Cela aurait boosté le mouvement BDS de
manière stratosphérique.
L’appel au boycott
palestinien et les manifestations autour
de l’Eurovision ont obtenu une
gigantesque quantité de couverture de
presse et de soutien, et le retrait
de Hatari aurait fait une histoire
encore plus importante.
Hatari aurait pu
porter un immense camouflet à la
tentative d’Israël de présenter
l’Eurovision comme « non politique » et
distrayant, même si Israël et ses alliés
de l’Union européenne
exploitent sans vergogne le concours
pour avancer leurs agenda pro-Israël.
Au lieu de cela,
tant Hatari que Madonna se sont
contentés d’actions sans effet qui
faisaient plus pour couvrir leur propre
complicité que pour avancer toute prise
de conscience ou action réelles pour
changer la réalité palestinienne.
Madonna – dans une
démarche
non autorisée – a mis deux danseurs
s’enlaçant, une avec un drapeau
palestinien dans le dos, l’autre avec un
drapeau israélien.
Il est difficile
d’imaginer un message plus creux ou plus
nuisible, qui met sur le même pied
l’oppresseur et l’opprimé.
Au-delà du
symbolisme
La solidarité
réelle signifie écouter ce que les
Palestiniens demandent — pourtant
beaucoup préfèrent sermonner et
instruire les Palestiniens plutôt que
les écouter.
Dans le cas
présent, la solidarité aurait voulu dire
boycotter l’Eurovision, ce qui n’est
vraiment pas demander grand chose.
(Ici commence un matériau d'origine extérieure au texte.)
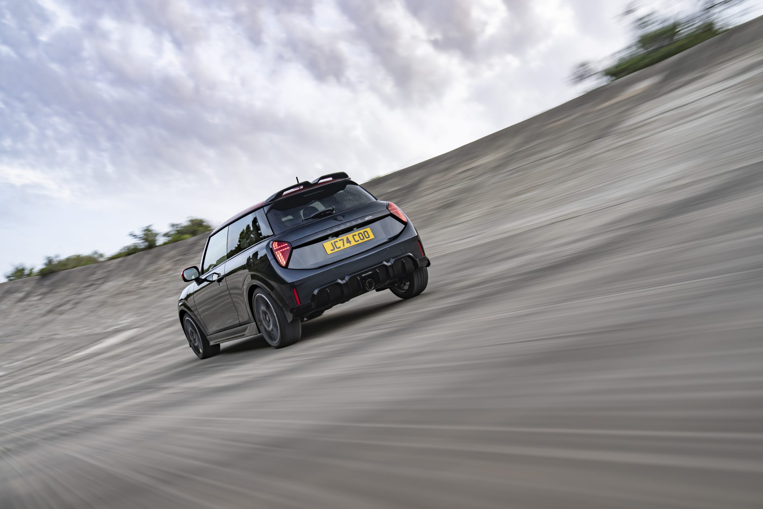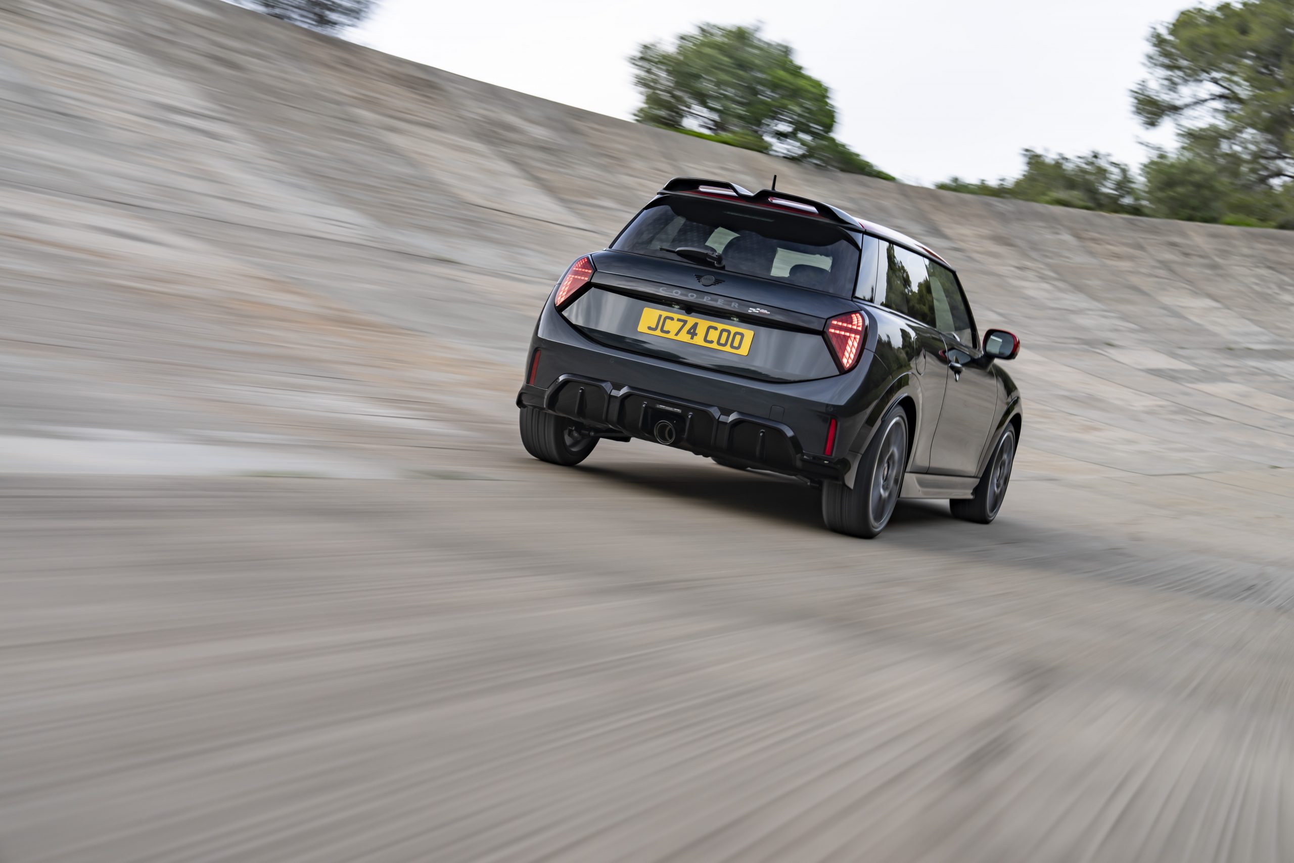 De voorkant van de nieuwe MINI John Cooper Works wordt gedomineerd door een achthoekige grille in hoogglans zwart, met extra luchtinlaten voor een optimale motorprestatie. Het achteraanzicht wordt gesierd door een aerodynamische spoiler en een centraal geplaatste uitlaat, wat bijdraagt aan de sportieve uitstraling.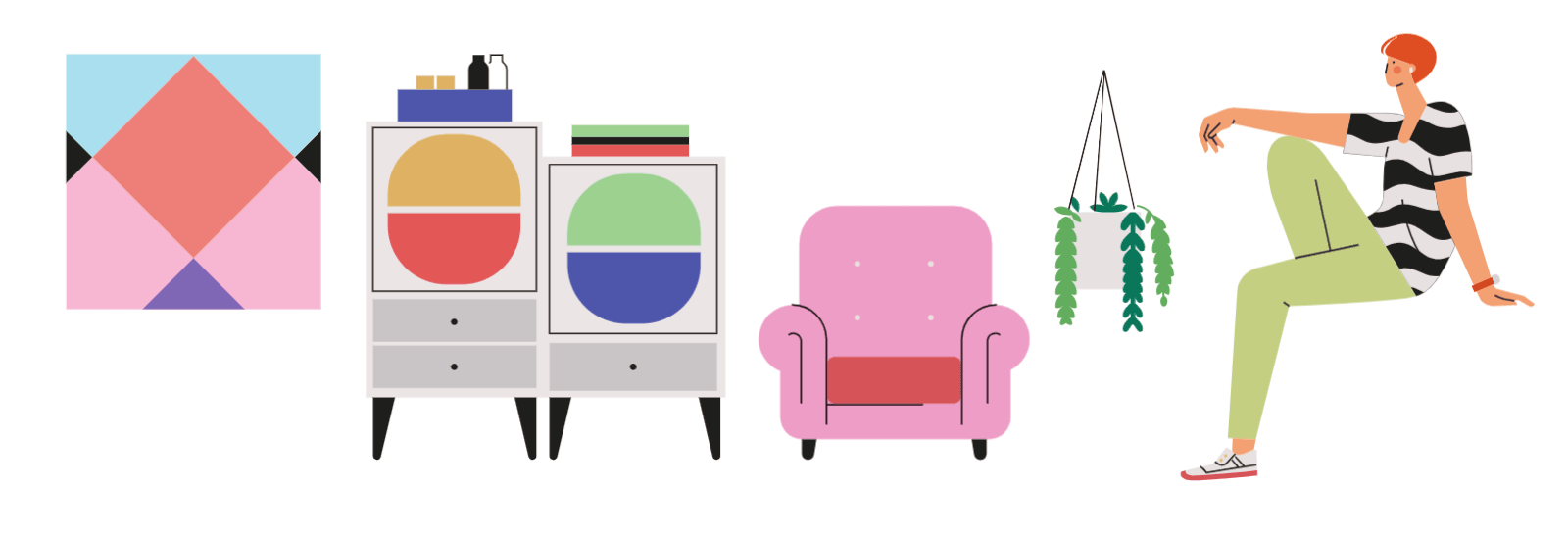 使用元素:人物、家居、陈设、背景图形 | 配色风格:氛围奶黄

Mais
c’était plus que ce qu’Hatari pouvait
offrir. Ainsi soit-il, mais n’en faisons
pas des héros.
Plus important,
n’envoyons pas aux autres artistes le
message que la complicité avec
l’oppression des Palestiniens est une
affaire mineure facilement oubliée et
pardonnée. Ou que cela ne pose pas de
problème si vous violez le boycott, du
moment que vous agitez un drapeau
palestinien.
Si les Palestiniens
continuent à accepter des gestes vides
et un symbolisme bon marché de leurs
prétendus alliés ils resteront pour
toujours sous l’oppression israélienne.
ils doivent réclamer et attendre une
solidarité réelle et c’est ce qu’est
BDS.
Nous n’essayons pas
seulement de nous sentir bien, nous
essayons de mettre fin réellement à
l’apartheid. Pendant la lutte
sud-africaine,
tout le monde n’a pas respecté le
boycott culturel. Mais, à juste
titre, on se souvient aujourd’hui avec
dédain de ceux qui ont choisi de
profiter de l’apartheid.
C’est un cliché –
répété la nuit de l’Eurovision par
Madonna – que la musique « rapproche les
peuples ». Dans le cas de l’Eurovision,
la musique était utilisée comme une
couverture à l’oppression et à
l’apartheid.
Mais cela ne veut
pas dire qu’elle a tort. La musique, la
danse et les célébrations jouent un rôle
important dans n’importe quelle lutte de
libération et construisent la
solidarité.
Un exemple réel de
cela a été le concert alternatif «
You’re a Vision » qui a eu lieu en
Irlande à guichets fermés en soutien à
la Palestine. C’était l’un des nombreux
événements de ce genre dans toute
l’Europe.
C’est à cela que
ressemble la solidarité en musique.
Ali Abunimah est le
co-fondateur de The Electronic Intifada
et l’auteur de
The Battle for Justice in Palestine,
paru chez Haymarket Books. Il a aussi
écrit
One Country: A Bold-Proposal to End the
Israeli-Palestinian Impasse. Les
opinions exprimées ici sont les siennes
seulement.
(Traduction CG pour
BDS France Montpellier)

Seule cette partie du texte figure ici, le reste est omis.